Platonism spontaneous.

Предвзятость мыслителя естественно благоприятна логическим идеям. Человек рефлексии будет приписывать, насколько возможно, значимость и реальность только им. Платонизм остается классическим примером такого способа мышления. Живя в эпоху риторики, с образованием, которое имело дело только с идеальными сущностями, вербальными, моральными или математическими, Платон видел в конкрециях в дискурсе истинные элементы бытия. Определимые значения, будучи терминами мысли, должны также, он воображал, быть составляющими реальности. И с той прямотой и дерзостью, которая была возможна древним и примеры которой уже дали пифагорейцы и элейцы, он выставил эти термины дискурса, подобно пифагорейским числам, абсолютными и вечными сущностями, существующими до всех вещей, явленными во всех вещах, дающими космическому мастеру его модели, а твари — ее цель. По некоторой необъяснимой необходимости произошло творение. Идеи умножили себя в потоке бесчисленных образов, которые можно было узнать по их сходству с оригиналами, но которые сразу же отменялись и вычеркивались в силу их существенной неадекватности. Что звуки для слов, а слова для мыслей, тем была вещь для своей идеи.

Its essential fidelity to the ideal.

Платон, однако, сохранил моральную и значимую сущность своих идей, и, хотя он сделал их идеальными абсолютами, фиксированными значениями, предшествующими их меняющимся выражениям, никогда не мечтал, что они могут быть естественными существованиями или психологическими существами. У оригинального мыслителя, у того, кто действительно мыслит, а не просто спорит, назвать вещь сверхъестественной, или духовной, или умопостигаемой — значит объявить, что это вообще не вещь, не существование актуальное или возможное, а ценность, термин мысли, чисто идеальный принцип; и чем больше настаивают на его реальности в таком смысле, тем больше утверждается его несоизмеримость с грубым существованием. Чтобы выразить эту идеальную реальность, миф является естественным проводником; проводником, которым Платон мог пользоваться тем свободнее, что он унаследовал религию, все еще пластичную и осознающую свою поэтическую сущность, и ему не приходилось бороться, как его современным ученикам, с задержанным детством умов, которые на протяжении ста поколений учились своей метафизике в колыбели. Его идеи, хотя их естественная основа игнорировалась, были, соответственно, всегда идеальными; они всегда представляли значения и функции и никогда не были низведены из моральной сферы в физическую. Противовесом этой подлинной идеальности было то, что теория сохраняла свою моральную силу и не вырождалась в озадаченный и идолопоклоннический пантеизм. Платон полагал, что судьба души — ее освобождение от тех материальных вещей, которые в этом нелогичном явлении были столь чужды ее сущности. Она должна вернуться, после своего озадачивающего и ошеломляющего общения с миром чувств и случайностей, в родное небо своих идей. Ибо животные желания были не менее иллюзорными, и все же не менее значимыми, чем чувственные восприятия. Они вовлекали человека в преследование блага и учили его, через разочарование, искать его только в тех удовлетворениях, которые могут быть постоянными и совершенными. Любовь, подобно интеллекту, должна подняться от видимости к реальности и покоиться в том божественном мире, который является исполнением человеческого.

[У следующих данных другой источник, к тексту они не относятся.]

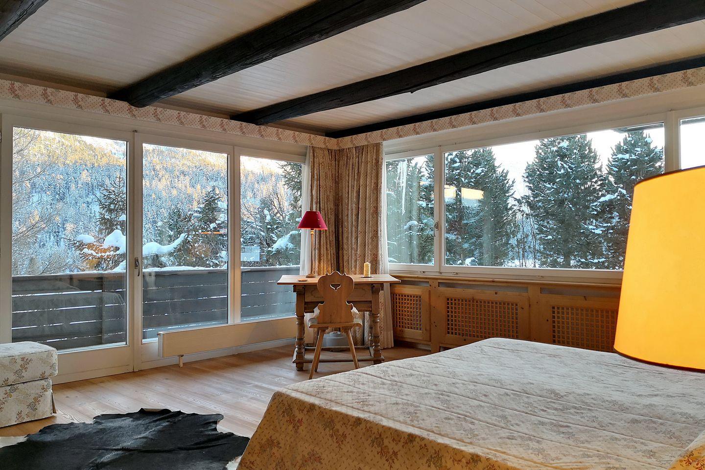 Die Ferienwohnung verfügt über überdurchschnittlich grosse Zimmer was bei Vollbelegung stets Privatsphäre garantiert. Der grosse Balkon mit Blick Richtung Piz Margna und Maloja ist ein weiteres Highlight dieser Wohnung.

Equal rights of empiricism.

Геометр оказывает хорошую услугу, когда он объявляет и разъясняет природу треугольника, объекта, подсказанного многими случайными и повторяющимися ощущениями. Его услуга не менее реальна, даже если менее очевидна, когда он фиксирует некоторую фундаментальную конкрецию в дискурсе и формулирует первые принципы логики. Овладев такими определениями, погрузившись в сухую жизнь таких форм, он может развертывать и развивать бесконечно, в свободе своей безответственной логики, их импликации и гармоничные расширения, открывая своей демонстрацией глубину знания, которую мы иначе никогда не обнаружили бы в себе. Но если бы геометр имел фанатичное рвение и запретил нам рассматривать пространство и треугольники, которые оно содержит, иначе, чем их рассматривает его собственная идеальная наука: запретил нам, например, спрашивать, как мы пришли к восприятию этих треугольников или этого пространства; какие органы и чувства сговорились в предоставлении идеи о них; какие материальные объекты показывают этот характер и как они пришли к тому, чтобы предложить себя нашему наблюдению, — тогда, конечно, геометр квалифицировал бы свою услугу явным вредом, и, открывая нам глаза на одну захватывающую перспективу, он стремился бы ослепить их к другим, не менее заманчивым и прекрасным. Ибо натуралист и психолог также имеют свои права и могут рассказать нам вещи, стоящие того, чтобы их знать; и никакая теория, которую они могут предложить относительно происхождения пространственных идей и их материальных воплощений, никогда не обесценит демонстрации геометрии. Они, в своей гипотетической сфере, совершенно автономны и самогенерируемы, и их применимость к опыту будет сохраняться до тех пор, пока исходные образы, к которым они применяются, продолжают изобиловать в восприятии.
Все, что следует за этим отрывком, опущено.